САН-ФРАНЦИСКО, НОЧЬ

Сан-Франциско ночью — самый красивый город в мире. Молодой американец везет нас на своем «форде». Меня больше не удивляет, что американские машины умудряются карабкаться по нашим компактным французским берегам. Сан-Франциско — это аттракцион «русские горки». Широкие, могучие, крутые улицы. Минуем вершину, и они резко идут под откос, как желоба, по которым съезжают в воду. Сердце замирает, бьется, ликует. Лифт в отеле разделил нас надвое — мягко, как металлическая нить разрезает голову масла. Головокружительность улиц, которые взметаются вверх и проваливаются вниз, парад китайских и итальянских кварталов, дансинги, склады, где свалены весла из светлой секвойи, пустыри, крепости и соборы, построенные на пирамидальных опорах, фасады, исчерченные зигзагами пожарных лестниц, карточные замки, как в сказке, и после всего этого — Телеграфный холм с площадкой, окруженной перилами, под названием Койт. Coit memorial Tower. Не смейтесь. Ничего смешного. Название — случайное совпадение. Барышни Сан-Франциско постоянно совершают наверх паломничества. В центре площадки на фоне неба горделиво вырисовывается башня. Небо — космическое, медное, огненное, где за быстрыми облаками появляются и исчезают планеты. Огни — розовые, красные, абсентовые, наверху эскадра легких облаков, внизу тяжелые тучи, проваливающиеся между строениями, образуя синеватое море тумана, из которого выплывают освещенные дрейфующие суда и тонущие здания. Панорама вращается, изменяется. Был перегруженный, запутанный, скученный, зубчатый, феодальный пейзаж, а теперь широкий ночной залив, по краю которого с изысканной отважностью паутины рассекает пустоту подвесной мост Золотые ворота.

Между Беркли и доками — Алькатрас, федеральная тюрьма, остров Святой Елены для Аль Капоне.

Почти холодно. Машины возникают из черной бездны, описывают полукруг и останавливаются. Лучи их фар выхватывают из тени возвышающийся маяк без луча. Женщины выходят, облокачиваются о парапет и мечтают.
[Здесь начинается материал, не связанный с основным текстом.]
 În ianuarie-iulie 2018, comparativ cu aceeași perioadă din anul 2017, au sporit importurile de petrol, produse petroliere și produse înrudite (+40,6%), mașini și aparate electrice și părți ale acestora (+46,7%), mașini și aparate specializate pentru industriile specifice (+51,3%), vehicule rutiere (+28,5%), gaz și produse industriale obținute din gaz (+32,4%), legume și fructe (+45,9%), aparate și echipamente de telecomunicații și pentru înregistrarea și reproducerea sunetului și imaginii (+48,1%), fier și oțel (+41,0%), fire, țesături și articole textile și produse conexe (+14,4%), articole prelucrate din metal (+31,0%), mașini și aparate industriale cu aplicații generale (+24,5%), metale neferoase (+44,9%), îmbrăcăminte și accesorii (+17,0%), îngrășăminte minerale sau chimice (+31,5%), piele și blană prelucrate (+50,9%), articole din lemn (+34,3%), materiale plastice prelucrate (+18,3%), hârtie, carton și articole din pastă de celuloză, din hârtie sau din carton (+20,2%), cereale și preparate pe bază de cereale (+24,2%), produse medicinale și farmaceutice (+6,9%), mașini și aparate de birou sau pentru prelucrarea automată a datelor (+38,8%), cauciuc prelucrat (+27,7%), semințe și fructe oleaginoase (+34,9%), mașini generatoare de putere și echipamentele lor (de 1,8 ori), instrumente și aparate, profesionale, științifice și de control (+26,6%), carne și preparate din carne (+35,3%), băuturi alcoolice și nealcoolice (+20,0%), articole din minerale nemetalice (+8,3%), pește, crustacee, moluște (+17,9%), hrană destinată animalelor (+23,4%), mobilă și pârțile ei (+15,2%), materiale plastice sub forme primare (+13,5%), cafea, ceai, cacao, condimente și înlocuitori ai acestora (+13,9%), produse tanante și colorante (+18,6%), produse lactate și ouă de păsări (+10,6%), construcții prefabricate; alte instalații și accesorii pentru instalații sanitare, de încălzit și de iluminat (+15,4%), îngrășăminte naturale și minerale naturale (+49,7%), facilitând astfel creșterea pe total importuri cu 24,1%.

Возможно, они взывают к божественному Пану. «Панический», весенний антураж щемит сердце и душу. Благоговейная атмосфера избавляет «Койт мемориал тауэр» от всякой фривольности. Самая дурная душа, думаю, оказалась бы восприимчива к таинственным силам, поднимающимся на эту священную гору.

По заливу идет паром. Это казино, оно скользит справа налево, оставляя за собой длинную светящуюся черту.
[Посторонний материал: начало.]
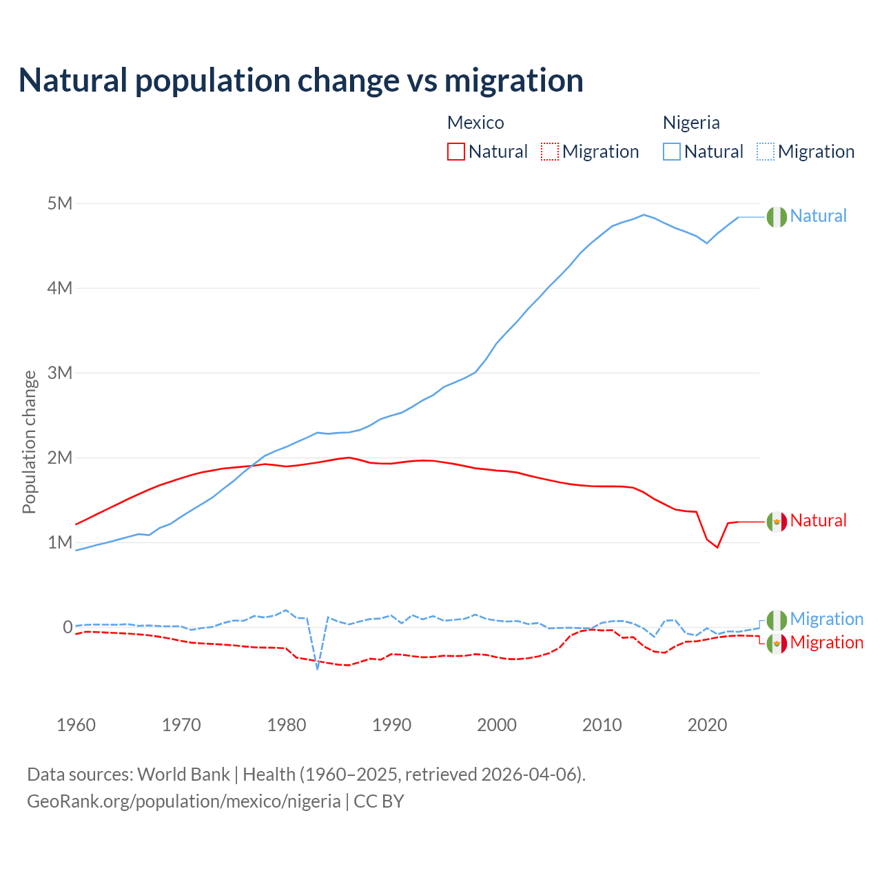 Over the last 10 years, 87.5% of the population change in Mexico is from natural causes (a gain of 13,080,136 people) and 12.5% is from migration (a loss of 1,876,544 people). In Nigeria 99.2% is from natural causes (a gain of 47,163,517 people) and 0.77% is from migration (a loss of 368,103 people).

Облачный кортеж то заслоняет, то открывает луну. Над Сан-Франциско возвышается мужеское строение.

На обратном пути взбираемся по верблюжьим горбам, едем вдоль парапетов, по ступеням — наш водитель в восторге от скачек с препятствиями и автомобильных лихачеств. По «русским горкам» улиц нас забрасывает к выстроившимся цепочкой открытым барам, где рыбаки выставляют на стойках крабовые коктейли, продают креветок размером с большой палец в панцирях, перламутр которых вобрал в себя яркие переливы бокалов Кипра. Рыбы, креветки, крабы, устрицы, мидии, петушки, кораллы: я снова в джунглях Сингапура, но на этот раз в подводных, в фейерверке их запахов и красок.
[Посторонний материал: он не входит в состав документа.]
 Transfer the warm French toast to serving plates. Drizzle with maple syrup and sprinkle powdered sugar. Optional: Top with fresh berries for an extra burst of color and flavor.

Паспарту хочется заглянуть в мегадансинги: «Довиль», «Табарен», «Лидо», — названия которых выписаны гнутыми трубками, наполненными бледным светом. Я отказываюсь идти вместе с ним. Утром, от семи до восьми, должен появиться наш вице-консул — он покажет нам город, и я хочу вздремнуть, унести с собой в сон эту фабрику красоты, лихорадочный город, где лифты взмывают вверх подобно ртути в термометре, где божественный Пан возвышается над домами и морем.

Загрузка...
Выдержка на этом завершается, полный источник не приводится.